What do you think if I will have zfs (zvol) as my host fs and btrfs as a guest system?

Best regards,
 
What do you think if I will have zfs (zvol) as my host fs and btrfs as a guest system?

Technically, it'll work but it will not be fast.

Btrfs has also killer features like not-production-readieness and the king-of-data-lossiness (if used with any other raid level than mirroring).
 
Btrfs has also killer features like not-production-readieness and the king-of-data-lossiness (if used with any other raid level than mirroring).
I understand for non best performance. I have read about btrfs still improve from time to time in current linux kernel. Do u have real production use btrfs or just read about bad for use it?
 
I also want to use UrBackup (But I'm more interested in the endless incremental style backups, which is possible to do on zfs and btrfs). I first tried to get it working in a LXC container, but it wasn't that easy to manage to allow it to directly make snapshots etc. out of the container.
So I tried it inside of a VM using btrfs with kernel 4.19 (default of debian buster).
The first test result with doing a simple dd from urandom was pretty bad.
Around 45MB/s.
Directly in the host system I get 150-160MB/s.
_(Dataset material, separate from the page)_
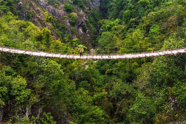 走過連接鄉(xiāng)里和村里的鐵索橋

I've tried out to deactivate cow in btrfs (nodatcow) => no improvement (maybe that would show some improvement when changing files)

Deactivating compression in zfs (btrfs already compresses transparently) => no improvement

Changing volblocksize in zfs to 16Kb since Archwiki claims that the default blocksize of btrfs is 16Kb. I couldn't find any other source for it, and neither could I find out how to get the blocksize of a btrfs filesystem. I've tried it anyway. => seems like it improved for maybe 10-15% but that could also be measurement errors, the dd "benchmark" is neither very accurate nor reliable nor does it give any real life results ;-).

deactivating sync on the zvol => That made a real improvement. it flactuates a lot. but it seems to improve the writing speed by 80% up to almost 200% (=140MB/s). In Most measurements the improvement was around 100% (so the double).
So with sync=disabled it seems to be usable. I'm too lazy to do some proper benchmarks, but I'll try out to get the backups in like that for a while and see what the performance is like. Maybe also changing the blocksize of the zvol helps, but if it does. It doesn't seem to make a huge impact.
 
deactivating sync on the zvol => That made a real improvement. it flactuates a lot. but it seems to improve the writing speed by 80% up to almost 200% (=140MB/s). In Most measurements the improvement was around 100% (so the double).
So with sync=disabled it seems to be usable. I'm too lazy to do some proper benchmarks, but I'll try out to get the backups in like that for a while and see what the performance is like. Maybe also changing the blocksize of the zvol helps, but if it does. It doesn't seem to make a huge impact.
Thank a lot for you answer! I have a doubt about disable sync=disabled... What will with your data in "power cut" situation?
 
I've read at several places in this forum that people consider sync=disabled to be save.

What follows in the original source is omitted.